Key metrics: block_apply_ms, proof_generation_ms, batch_commit_ms, speculative_cache_size.

10. Security

  • Canonical source: Only QMDB state_db as authoritative state;
  • Proof integrity: Merkle proofs verified against state_root in finalized block header;
  • DoS mitigation: Decode bounds on all list types; per-actor limits on timers (1,024) and deferred TXs (64); deferred TX expiration (1,000 blocks);
  • Error opacity: Storage errors return opaque messages to API callers; detailed errors logged server-side only.

11. Parameters

  • STATE_KEY_LEN = 54 (fixed key size)
  • MAX_SPECULATIVE_CACHE_ENTRIES = 8
  • MAX_DEFERRED_TX_LIST_SIZE = 16,384
  • MAX_ACTOR_EVENTS = 1,000
  • MAX_TIMERS_PER_ACTOR = 1,024
  • MAX_PENDING_DEFERRED_PER_ACTOR = 64
  • DEFERRED_TX_MAX_AGE_BLOCKS = 1,000
  • SNAPSHOT_INTERVAL = 1024 (recommended)

Appendix A: StateValue Variants

Account { nonce: u64, balance: u128 }
Actor { address, code_hash, code: Vec<u8>, balance: u128, nonce: u64, storage: BTreeMap, mailbox: VecDeque<Message> }
Timer { actor_address, height: u64, payload: Vec<u8>, timer_id: Vec<u8>, handler: String }
TimerList { timer_ids: Vec<Vec<u8>> }
DeferredTxList { hashes: Vec<Sha256Digest> }
TransactionReceipt { transaction, cycles_used, cells_used, block_height, block_hash, tx_index, status, events, ... }
ActorEventList { events: Vec<ActorEvent> }
SystemBytes(Vec<u8>)  // for basefee state, per-actor counters, etc.

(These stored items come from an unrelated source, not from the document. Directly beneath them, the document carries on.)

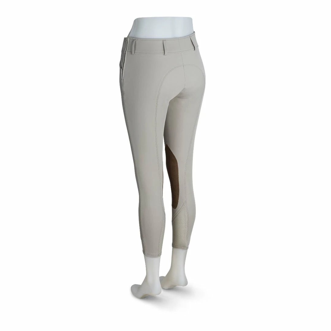 The mid-rise side zip Belmont model euro seat breech is the pinnacle of fit and comfort, featuring a premium quick dry and stretch fabric that provides amazing hand-feel, sculpt, and coverage. The fabric-covered interior waistband and mesh lower leg panels provide ideal comfort. Premium Clarinoâ„¢ knee patches are naturally supple and breathable while presenting the elegant look of real suede, yet it can withstand intense abrasion. R.J. details on the front closures and pocket complete the design.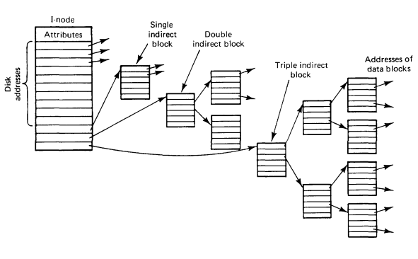 >> 만약 파일이 10 block 보다 크다면 (5120 byte), 11번째 pointer 는 single indirect block 을 가르킨다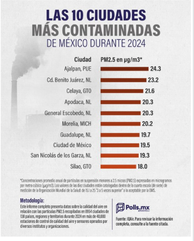 Un estudio de @IQAir mostró los lugares más contaminados de México en 2024. La OMS reportó que cada año, la contaminación del aire, tanto ambiental como doméstica, causa la muerte de miles de personas en el mundo.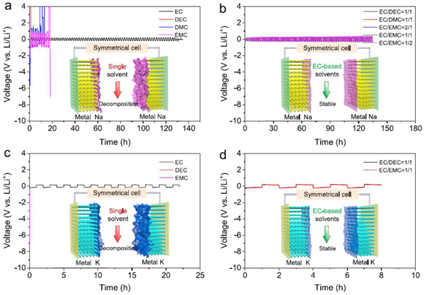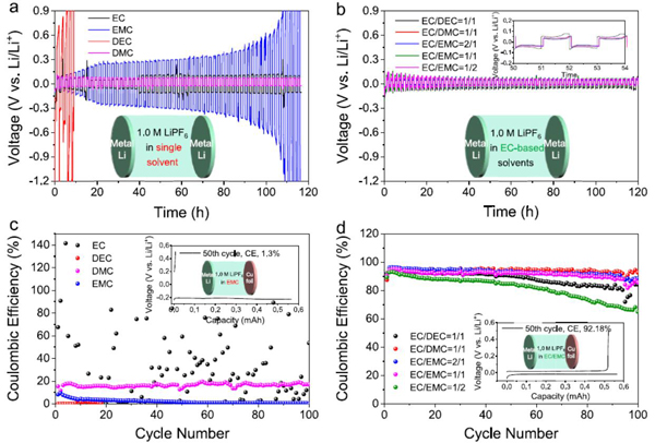 (a,b)当(a,c)单一溶剂(例如EC、DEC、DMC和EMC)时,Li|Li对称电池的典型电压-时间曲线和(c,d)使用Li|Cu半电池进行库伦效率比较测试。(b)中的插图显示了电压随时间变化的曲线。

Appendix B: Key Prefix Quick Reference

PrefixNameExample Key
0x00Account0x00 || address || zeros
0x01ActorMeta0x01 || address || zeros
0x02ActorCode0x02 || address || zeros
0x03ActorStorage0x03 || address || keccak(slot_key)
0x04Mailbox0x04 || address || zeros
0x05Timer0x05 || keccak(timer_id)[0:21] || zeros
0x06TimerIndex0x06 || height_bytes || zeros
0x07PendingDeferredTx0x07 || keccak(tx_hash)[0:21] || zeros
0x08SystemState0x08 || keccak(key_name)[0:21] || zeros
0x09ActorEvents0x09 || address || zeros
0x0ASeenMessageIds0x0A || address || zeros
0x0BActorTimerCount0x0B || address || zeros
0x0CDeferredActorCount0x0C || address || zeros
0x0DDeferredTxBlock0x0D || keccak(tx_hash)[0:21] || zeros

Appendix C: Proof Response Format

{
  "proof_version": 1,
  "loc": <u64>,
  "chunk": "<hex>",
  "mmr_leaves": <u64>,
  "digests": ["<hex>", ...],
  "partial_chunk_digest": "<hex>",
  "ops_root": "<hex>"
}
Verification: reconstruct the Merkle path from loc through digests to ops_root, then verify ops_root matches the state_root from the block header.